I am a medical student with minimal bioinformatics/mathematics background trying to understand a paper that requires a decent amount of both. The paper is looking at fecal microbiomes of children with or without kwashiorkor, and I am having trouble understanding how they processed their data. Here is the part describing what they did –
"DNA prepared from fecal samples was subjected to multiplex shotgun pyrosequencing, and the resulting reads were annotated by comparison to the Kyoto Encyclopedia of Genes and Genomes (KEGG) database and to a database of 462 sequenced human gut microbes (table S3). To visualize the variation in this data set, we used principal coordinates analysis of Hellinger distances computed from the KEGG enzyme commission number (EC) content of fecal microbiomes (Fig. 1A and fig. S1). Principal coordinate 1 (PC1), which explained the largest amount of variation, was strongly associated with age and family membership (Fig. 1A)."
(from: Gut Microbiomes of Malawian Twin Pairs Discordant for Kwashiorkor; Smith et al., 2013. PMID: 23363771)
My understanding is that Hellinger distances are a way of telling you how different datasets are from one another, and that PCA is a means of reducing complex datasets down to single values for easier comparison.
Basically, what I'd like to know is: in conceptual/layman's terms (as much as possible), how are these calculated? I've looked at the mathematical explanations and am just not making the leap to a conceptual understanding.

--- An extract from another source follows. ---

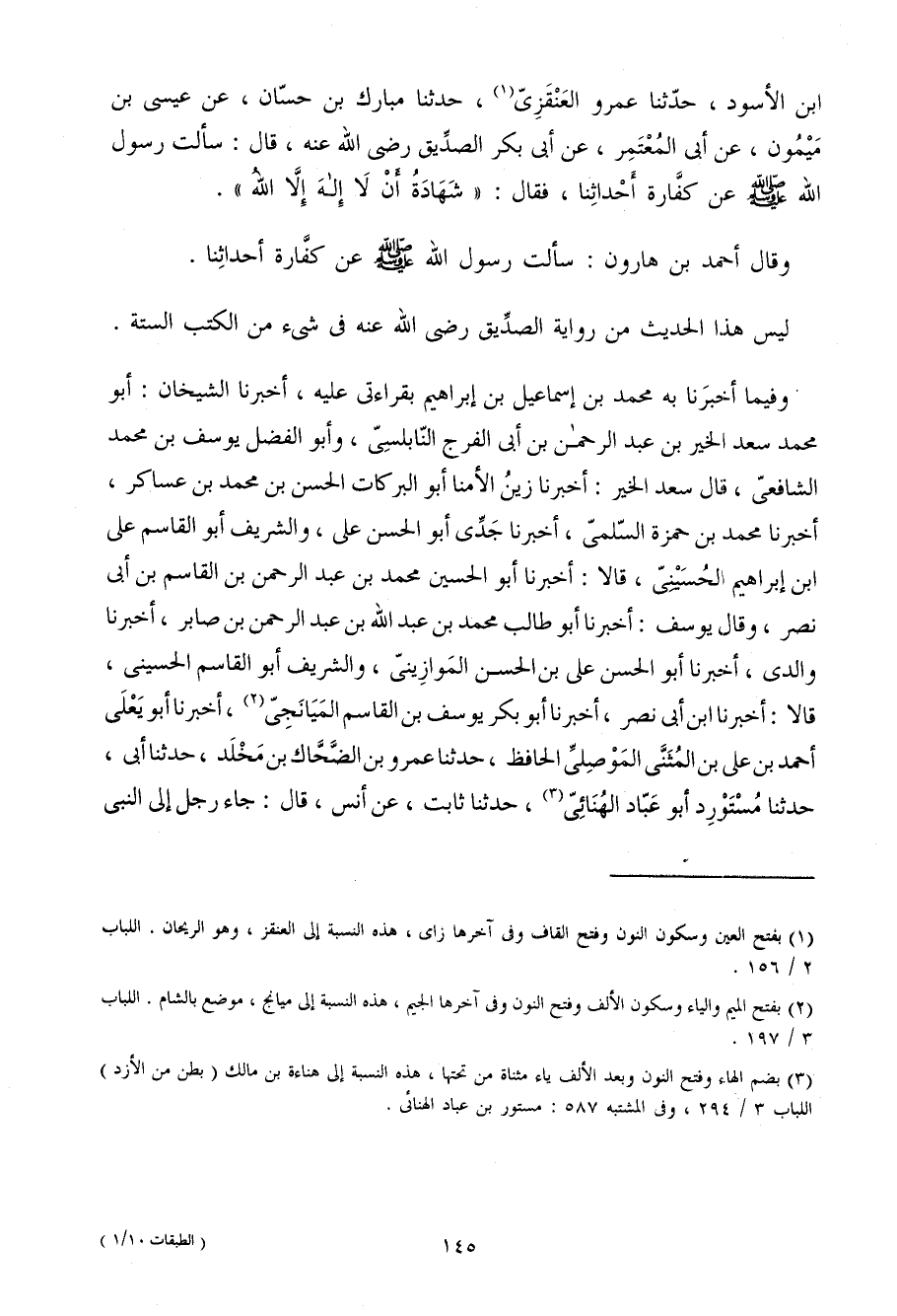 ابْن الأَسْوَدِ حَدَّثَنَا عَمْرٌو الْعَنْقَزِيُّ حَدَّثَنَا مُبَارَكُ بْنُ حَسَّانٍ عَنْ عِيسَى بْنِ مَيْمُونٍ عَنْ أَبِي الْمُعْتَمِرِ عَنْ أَبِي بَكْرٍ الصِّدِّيقِ رَضِيَ اللَّهُ عَنْهُ قَالَ سَأَلْتُ رَسُولَ اللَّهِ صَلَّى اللَّهُ عَلَيْهِ وَسَلَّمَ عَنْ كَفَّارَةِ أَحْدَاثِنَا فَقَالَ شَهَادَةُ أَنْ لَا إِلَهَ إِلا اللَّهُ

Thank you so much to anyone who can explain (or let me know if there's a better place to ask this question)!
very good answer, I didn't even noticed that the user was asking about PCoA instead of PCA.
Thank you for your help! Hopefully this won't be a nonsensical follow up question – are principle coordinates themselves meaningful values? Does a principle coordinate of, say, 0.2 mean anything conceptually, or is it essentially an arbitrary number that is only meaningful in relation to the principle coordinates assigned to other objects?
Hi! Those are relative values, comparable within the same set/matrix of the principle coordinates. Usually, a scatter plot, a histogram, a boxplot or simply a
summary
function (in R) can help to display the range of the coordinates and thus help to identify whether a particular coordinate is low or high within the population in question.Really appreciate your help – thank you so much!